Robotics AI model race pits world models against VLA

With industry moves accelerating to develop AI models optimized for robots, two broad camps appear to be vying for technological leadership.

According to a recent report by The Information, one camp is vision-language-action models, or VLA, derived from large language models. The other is world models, trained mainly on video to predict what will happen in real environments when robots take actions.

In the case of VLA, Nvidia's Groot and Physical Intelligence's Pi model are drawing attention.

Microsoft's physical AI robotics model Rho-alpha, unveiled in January, is also based on VLA. Microsoft aims to use Rho-alpha to help physical systems adapt more flexibly.

According to the company, robots over the past decades have performed in structured environments such as assembly lines where tasks are predictable and strictly defined. With the emergence of vision-language-action, or VLA, models for physical systems, it has become possible to support robots so they can autonomously perceive, reason and act alongside humans even in complex, undefined and less structured environments.

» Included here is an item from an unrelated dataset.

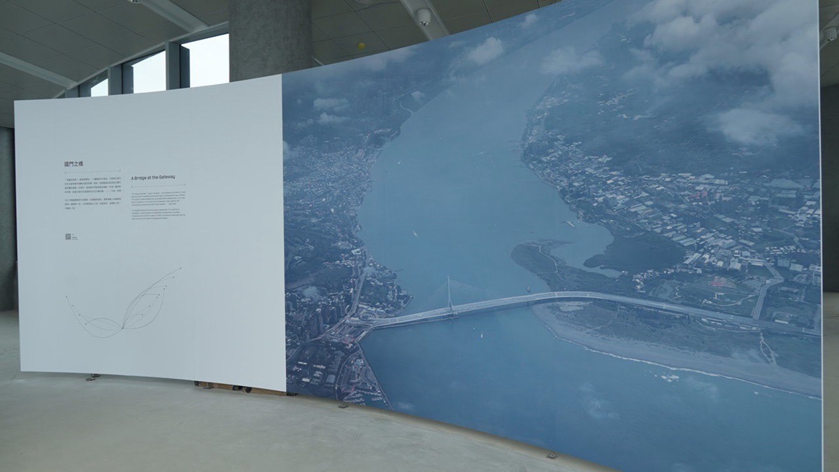淡江大橋的設計形態語言,源自舞者之美、夕陽之美以及雙手合十的祈福之美。本展以一樓至三樓的垂直敘事架構,帶領觀者從宏觀環境到微觀細節,透過數位動態圖,讓民眾體驗橋面的景觀燈桿的光影姿態、動態韻律,既是結構力學的最適解,也構成了一幅在淡水河口每日上演的動態畫面,循序進入設計思維及工程實踐的核心。

But The Information report suggests interest in world models has been rising in Silicon Valley recently.

AI video startup Luma opened a physical AI lab in June focused on world models for robotics, and humanoid startup 1X announced it would set up its own world model research institute.

Supporters expect world models to understand physics very deeply, predict real situations such as how objects fall and break, generate simulations robots can learn from, and serve as the AI brain in robots.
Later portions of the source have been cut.